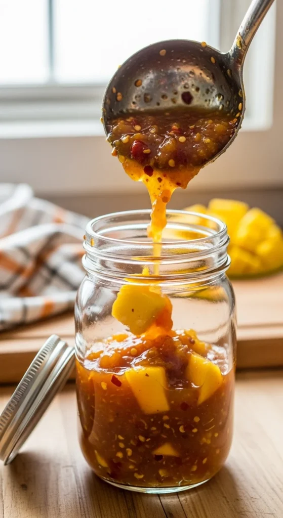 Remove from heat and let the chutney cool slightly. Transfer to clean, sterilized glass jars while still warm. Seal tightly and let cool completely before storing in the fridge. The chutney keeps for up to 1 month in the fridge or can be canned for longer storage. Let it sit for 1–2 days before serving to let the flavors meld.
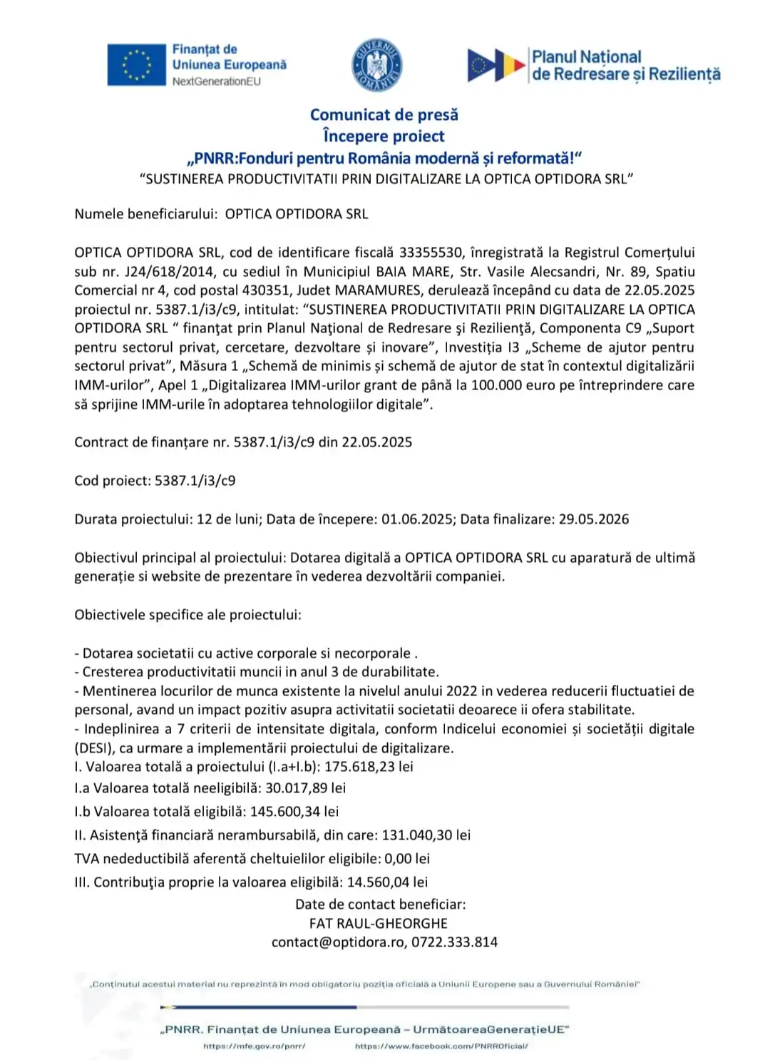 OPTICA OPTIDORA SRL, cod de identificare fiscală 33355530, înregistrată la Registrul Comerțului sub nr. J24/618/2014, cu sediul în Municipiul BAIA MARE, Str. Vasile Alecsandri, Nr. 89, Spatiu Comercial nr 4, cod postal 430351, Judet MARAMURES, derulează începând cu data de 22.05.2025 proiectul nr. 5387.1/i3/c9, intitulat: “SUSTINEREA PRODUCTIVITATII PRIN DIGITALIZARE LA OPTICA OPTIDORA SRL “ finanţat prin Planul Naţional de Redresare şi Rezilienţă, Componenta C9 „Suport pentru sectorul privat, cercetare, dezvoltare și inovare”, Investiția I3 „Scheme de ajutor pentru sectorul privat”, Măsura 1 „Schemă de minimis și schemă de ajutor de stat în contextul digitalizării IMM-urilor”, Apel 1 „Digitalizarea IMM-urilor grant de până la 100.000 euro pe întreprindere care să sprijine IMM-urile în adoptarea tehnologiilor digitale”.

....

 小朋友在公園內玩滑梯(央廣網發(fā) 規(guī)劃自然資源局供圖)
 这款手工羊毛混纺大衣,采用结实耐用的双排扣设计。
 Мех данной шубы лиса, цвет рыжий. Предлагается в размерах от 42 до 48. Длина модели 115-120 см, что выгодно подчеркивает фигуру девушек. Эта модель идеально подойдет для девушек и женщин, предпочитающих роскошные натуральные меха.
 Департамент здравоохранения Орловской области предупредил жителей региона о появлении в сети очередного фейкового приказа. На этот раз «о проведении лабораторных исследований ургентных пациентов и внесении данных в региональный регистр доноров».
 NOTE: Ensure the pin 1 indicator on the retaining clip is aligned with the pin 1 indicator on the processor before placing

....

**Requirement**
Copy the lines above exactly. Start with the line containing "Департамент здравоохранения Орловской", end with the line containing "NOTE: Ensure the", and include both.

**Response below**
 Департамент здравоохранения Орловской области предупредил жителей региона о появлении в сети очередного фейкового приказа. На этот раз «о проведении лабораторных исследований ургентных пациентов и внесении данных в региональный регистр доноров».
 NOTE: Ensure the pin 1 indicator on the retaining clip is aligned with the pin 1 indicator on the processor before placing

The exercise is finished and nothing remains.